◆ **Task goal**
Shown below is a listing with pictures; reproduce exactly, and only, the lines between the ones containing "Вторая наша пара: обзор" and "WebUntis abgeschlossen werden", inclusive, leaving the pictures out.

◆ **The data**
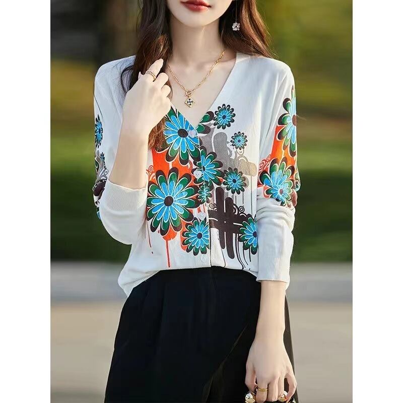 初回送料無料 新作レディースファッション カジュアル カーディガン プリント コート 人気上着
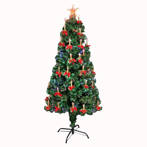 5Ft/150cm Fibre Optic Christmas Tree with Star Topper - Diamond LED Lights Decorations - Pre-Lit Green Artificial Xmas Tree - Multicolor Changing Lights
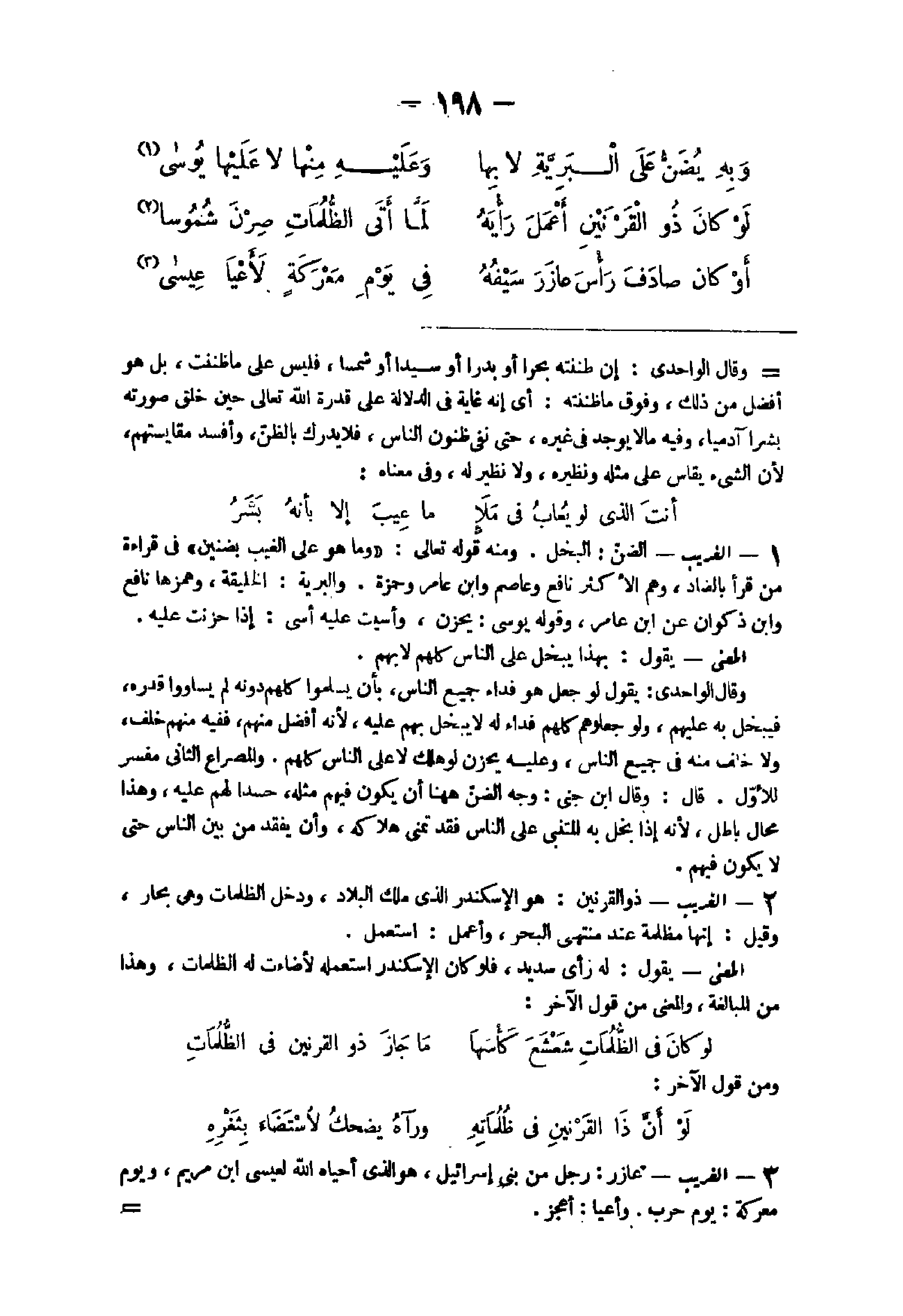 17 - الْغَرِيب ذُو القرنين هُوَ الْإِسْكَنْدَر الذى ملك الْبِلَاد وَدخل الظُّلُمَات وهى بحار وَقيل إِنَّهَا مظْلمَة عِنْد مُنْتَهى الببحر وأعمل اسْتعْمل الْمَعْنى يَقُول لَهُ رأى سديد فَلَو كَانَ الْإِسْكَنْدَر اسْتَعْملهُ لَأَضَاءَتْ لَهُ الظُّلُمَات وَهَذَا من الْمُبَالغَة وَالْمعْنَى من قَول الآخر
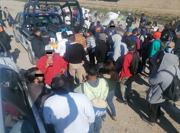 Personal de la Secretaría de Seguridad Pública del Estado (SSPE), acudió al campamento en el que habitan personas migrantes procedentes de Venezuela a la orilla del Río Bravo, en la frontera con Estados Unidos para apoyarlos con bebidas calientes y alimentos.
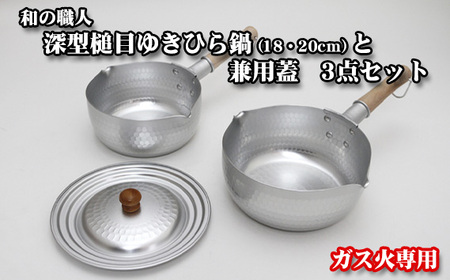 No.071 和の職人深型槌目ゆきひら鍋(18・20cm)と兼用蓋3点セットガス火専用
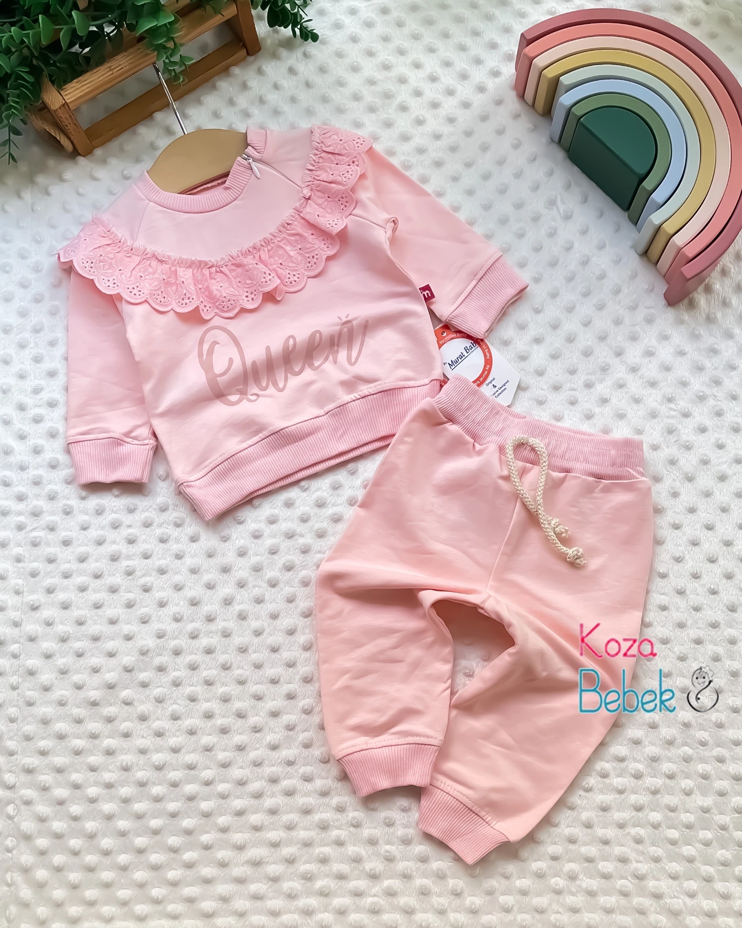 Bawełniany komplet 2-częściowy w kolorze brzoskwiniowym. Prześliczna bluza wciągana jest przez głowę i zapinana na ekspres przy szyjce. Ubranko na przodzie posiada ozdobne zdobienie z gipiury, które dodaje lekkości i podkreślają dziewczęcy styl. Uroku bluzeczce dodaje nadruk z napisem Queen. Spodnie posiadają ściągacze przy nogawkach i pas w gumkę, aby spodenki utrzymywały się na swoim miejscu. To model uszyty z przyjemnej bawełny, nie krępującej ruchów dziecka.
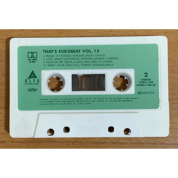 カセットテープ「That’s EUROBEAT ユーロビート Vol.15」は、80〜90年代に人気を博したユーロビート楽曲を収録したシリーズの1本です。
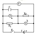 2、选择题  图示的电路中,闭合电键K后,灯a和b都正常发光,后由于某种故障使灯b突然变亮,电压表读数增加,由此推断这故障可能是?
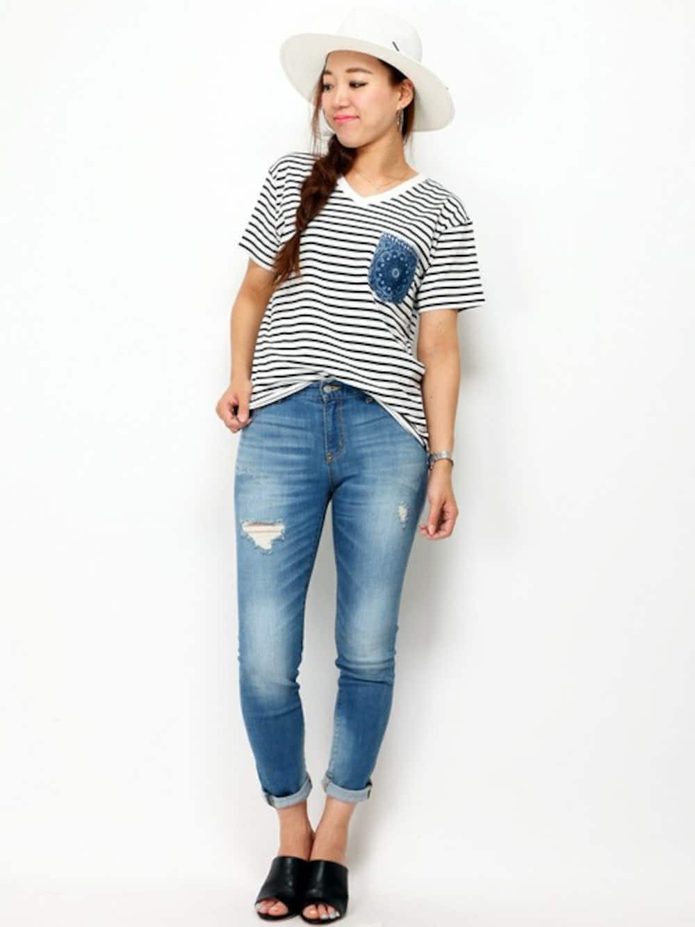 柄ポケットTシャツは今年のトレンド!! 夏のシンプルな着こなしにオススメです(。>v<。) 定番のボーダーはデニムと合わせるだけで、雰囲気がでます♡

---

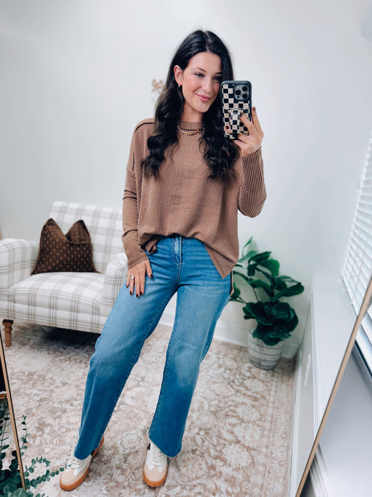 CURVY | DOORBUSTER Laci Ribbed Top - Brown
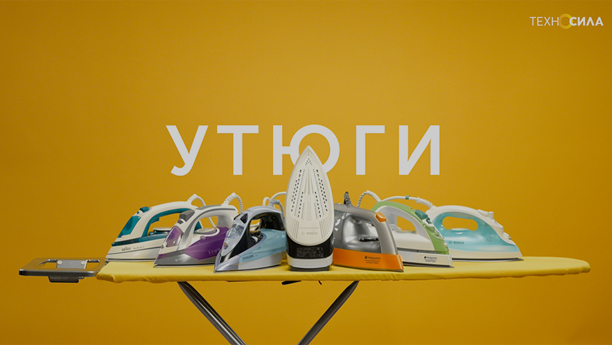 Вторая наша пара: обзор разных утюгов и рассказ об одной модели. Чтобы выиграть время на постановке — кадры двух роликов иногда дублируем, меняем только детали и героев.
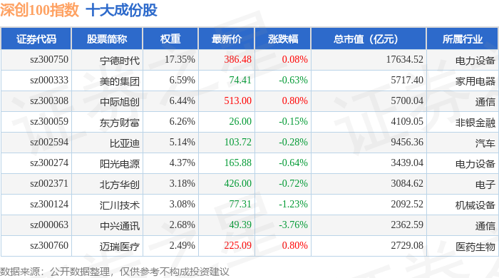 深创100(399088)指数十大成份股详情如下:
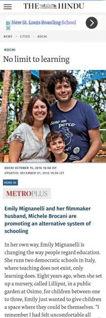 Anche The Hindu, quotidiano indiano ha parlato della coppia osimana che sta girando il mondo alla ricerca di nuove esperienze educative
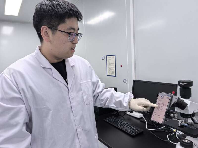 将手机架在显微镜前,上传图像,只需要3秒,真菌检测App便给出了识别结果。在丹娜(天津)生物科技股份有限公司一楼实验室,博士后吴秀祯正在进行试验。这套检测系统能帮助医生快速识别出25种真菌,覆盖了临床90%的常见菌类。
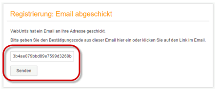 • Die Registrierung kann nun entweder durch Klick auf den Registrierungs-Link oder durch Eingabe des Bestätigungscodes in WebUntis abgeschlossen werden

* * *

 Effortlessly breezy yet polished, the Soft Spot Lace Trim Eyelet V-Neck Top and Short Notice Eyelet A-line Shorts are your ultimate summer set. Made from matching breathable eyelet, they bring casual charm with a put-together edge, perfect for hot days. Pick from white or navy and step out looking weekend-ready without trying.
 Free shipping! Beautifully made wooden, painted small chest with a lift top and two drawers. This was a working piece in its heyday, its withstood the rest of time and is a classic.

◆ **Solution**
 Вторая наша пара: обзор разных утюгов и рассказ об одной модели. Чтобы выиграть время на постановке — кадры двух роликов иногда дублируем, меняем только детали и героев.
 深创100(399088)指数十大成份股详情如下:
 Anche The Hindu, quotidiano indiano ha parlato della coppia osimana che sta girando il mondo alla ricerca di nuove esperienze educative
 将手机架在显微镜前,上传图像,只需要3秒,真菌检测App便给出了识别结果。在丹娜(天津)生物科技股份有限公司一楼实验室,博士后吴秀祯正在进行试验。这套检测系统能帮助医生快速识别出25种真菌,覆盖了临床90%的常见菌类。
 • Die Registrierung kann nun entweder durch Klick auf den Registrierungs-Link oder durch Eingabe des Bestätigungscodes in WebUntis abgeschlossen werden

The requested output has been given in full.